**Activity:** No pictures go into the copy. Write out exactly the lines below from the one containing "It can only" through the one containing "Durante su visita".

** Dataset follows **

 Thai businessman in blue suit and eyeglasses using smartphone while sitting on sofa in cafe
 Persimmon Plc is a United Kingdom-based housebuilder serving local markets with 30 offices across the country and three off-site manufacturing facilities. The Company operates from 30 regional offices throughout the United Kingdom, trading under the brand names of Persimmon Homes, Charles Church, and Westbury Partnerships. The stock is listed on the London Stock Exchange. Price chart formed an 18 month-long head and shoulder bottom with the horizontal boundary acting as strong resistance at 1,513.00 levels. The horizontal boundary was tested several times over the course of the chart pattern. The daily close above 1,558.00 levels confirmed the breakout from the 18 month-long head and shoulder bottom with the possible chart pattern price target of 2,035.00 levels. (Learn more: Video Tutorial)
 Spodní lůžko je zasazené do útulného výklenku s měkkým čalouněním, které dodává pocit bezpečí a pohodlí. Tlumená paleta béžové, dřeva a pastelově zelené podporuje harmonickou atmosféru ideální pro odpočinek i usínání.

** End of Dataset **
** Dataset follows **

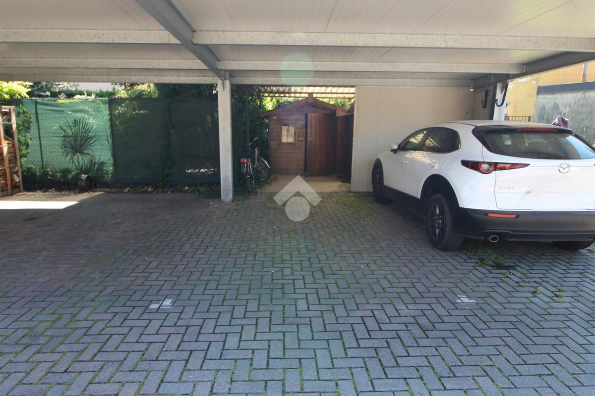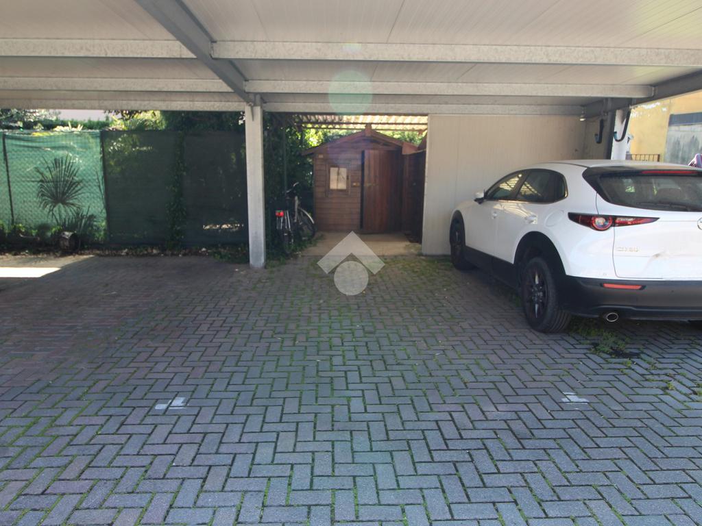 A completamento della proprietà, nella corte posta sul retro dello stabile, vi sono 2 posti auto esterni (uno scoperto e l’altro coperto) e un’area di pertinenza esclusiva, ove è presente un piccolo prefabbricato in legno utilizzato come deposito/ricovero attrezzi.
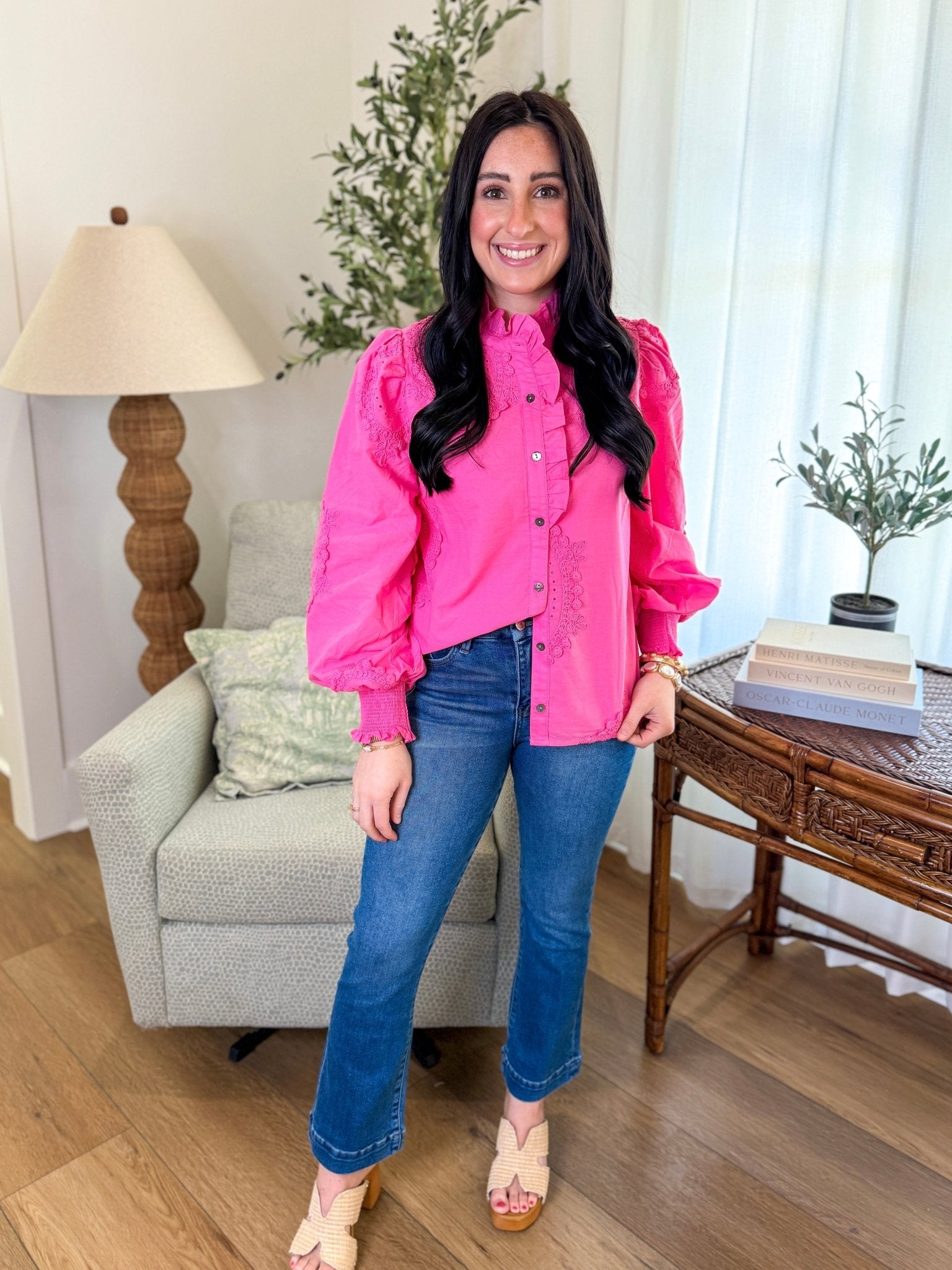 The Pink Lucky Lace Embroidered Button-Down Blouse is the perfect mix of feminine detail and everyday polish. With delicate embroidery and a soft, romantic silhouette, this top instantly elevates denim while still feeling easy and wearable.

** End of Dataset **
** Dataset follows **

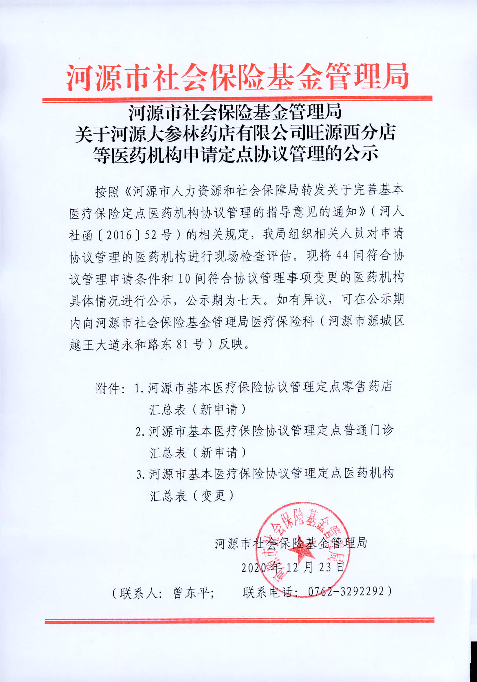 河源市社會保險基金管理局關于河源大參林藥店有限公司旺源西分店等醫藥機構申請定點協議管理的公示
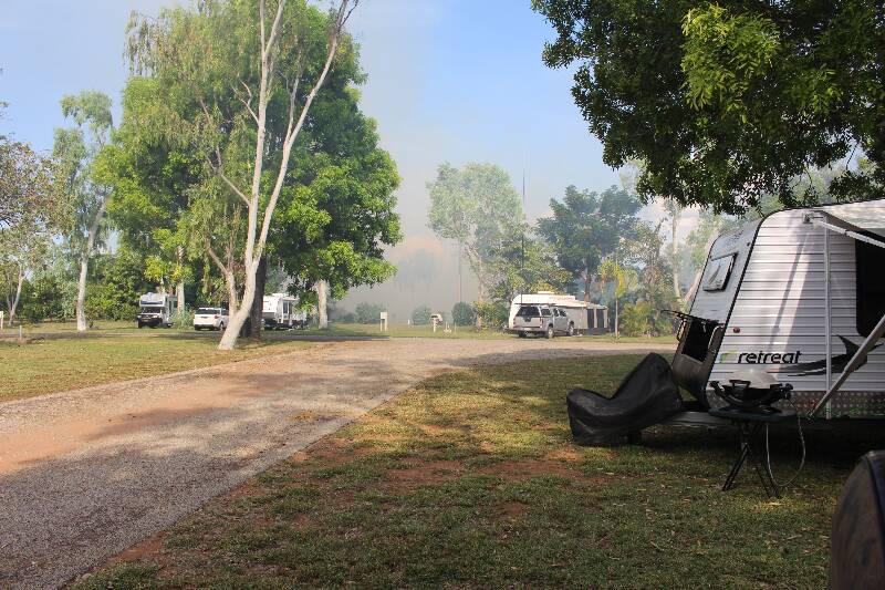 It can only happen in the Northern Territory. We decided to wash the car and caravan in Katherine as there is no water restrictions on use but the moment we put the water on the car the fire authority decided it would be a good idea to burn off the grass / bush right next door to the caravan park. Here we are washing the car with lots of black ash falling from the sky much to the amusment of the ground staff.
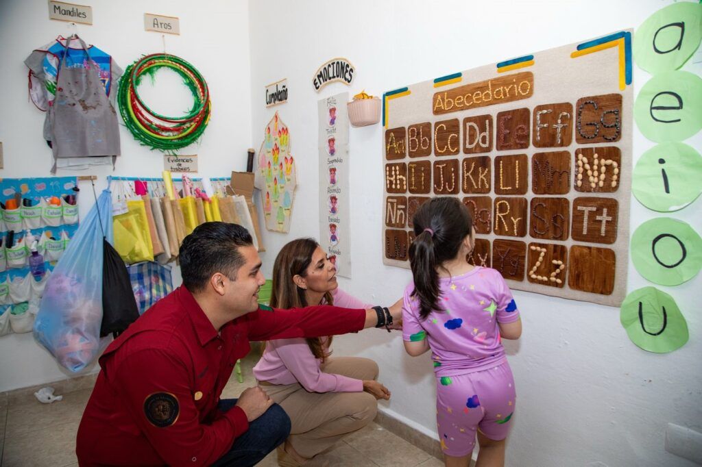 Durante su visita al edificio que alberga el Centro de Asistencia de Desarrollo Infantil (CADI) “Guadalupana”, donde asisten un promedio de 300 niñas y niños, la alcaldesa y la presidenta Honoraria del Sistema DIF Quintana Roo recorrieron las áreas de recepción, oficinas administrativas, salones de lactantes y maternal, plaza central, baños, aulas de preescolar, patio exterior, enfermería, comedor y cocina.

** End of Dataset **

**Completed task:**
 It can only happen in the Northern Territory. We decided to wash the car and caravan in Katherine as there is no water restrictions on use but the moment we put the water on the car the fire authority decided it would be a good idea to burn off the grass / bush right next door to the caravan park. Here we are washing the car with lots of black ash falling from the sky much to the amusment of the ground staff.
 Durante su visita al edificio que alberga el Centro de Asistencia de Desarrollo Infantil (CADI) “Guadalupana”, donde asisten un promedio de 300 niñas y niños, la alcaldesa y la presidenta Honoraria del Sistema DIF Quintana Roo recorrieron las áreas de recepción, oficinas administrativas, salones de lactantes y maternal, plaza central, baños, aulas de preescolar, patio exterior, enfermería, comedor y cocina.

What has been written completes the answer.